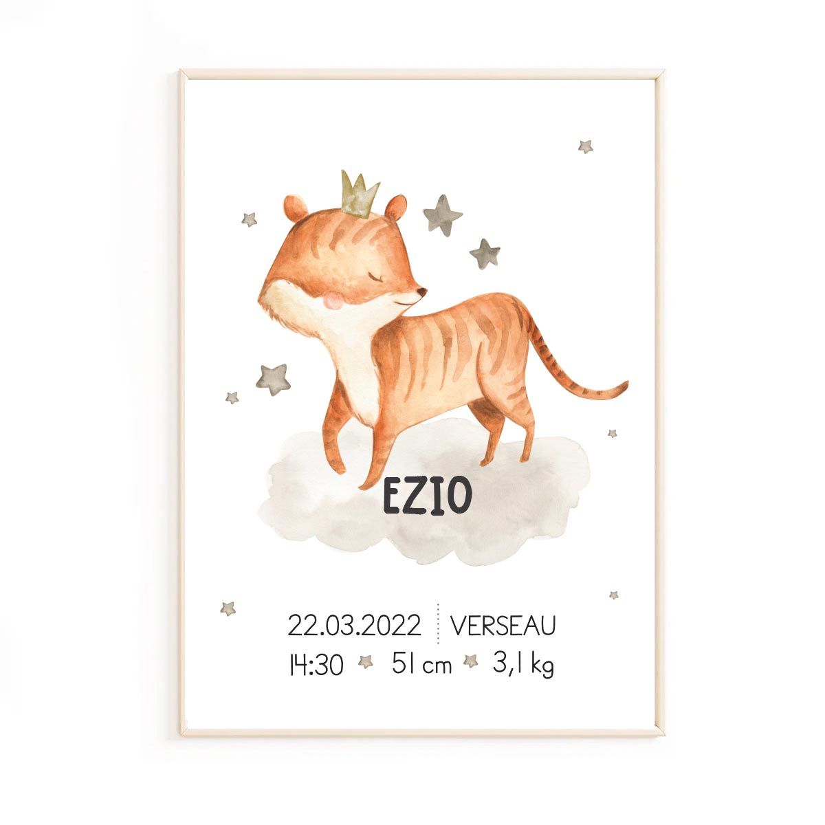 - Poster de naissance pour bébé A4 ou 30x40cm ou 50x70cm
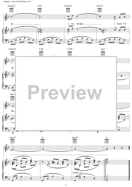 "Crazy World" Sheet Music by Henry Mancini
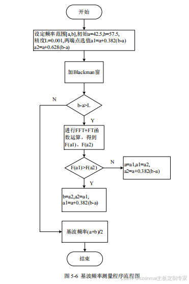 由基波频率测量程序流程图可知根据国标标准,测频范围为[42.5,57.5]Hz,测
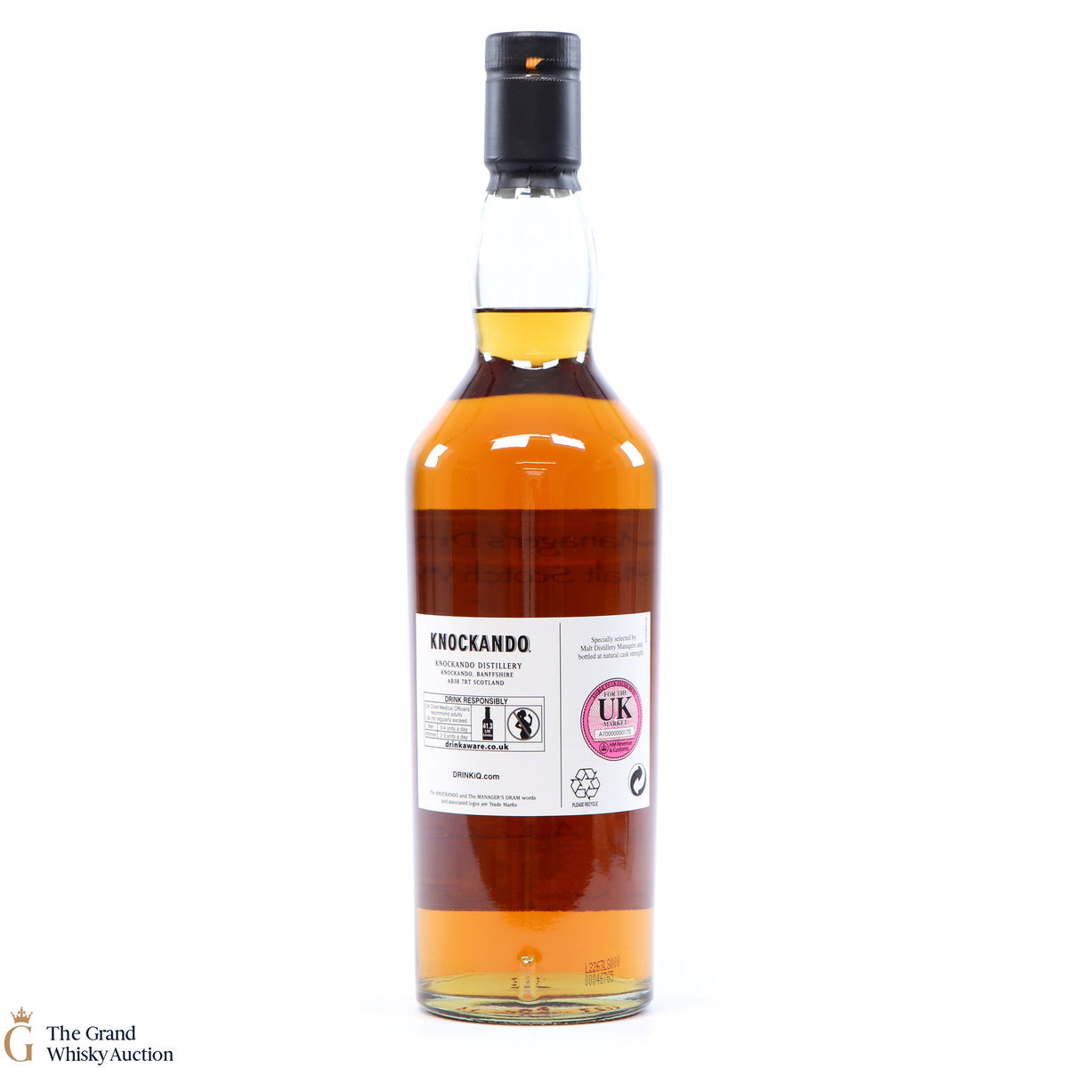 Due to the various ages of bottles and their seals, the condition of liquid is at the buyer's discretion and no claim can be lodged against failure/leakage in transit. Loss and breakage cover is available at 3% of the hammer price as standard. If the lot is not insured, no claim can be lodged against the courier or The Grand Whisky Auction for breakage or loss in transit.

☆ ☆ ☆ ☆ ☆ ☆ ☆

## EXERCISE DIRECTIONS
For this exercise, copy each line of the data above exactly, from the first through the line containing "由基波频率测量程序流程图可知", and drop the pictures.

## ANSWER BOX
 - Poster de naissance pour bébé A4 ou 30x40cm ou 50x70cm
 "Crazy World" Sheet Music by Henry Mancini
 由基波频率测量程序流程图可知根据国标标准,测频范围为[42.5,57.5]Hz,测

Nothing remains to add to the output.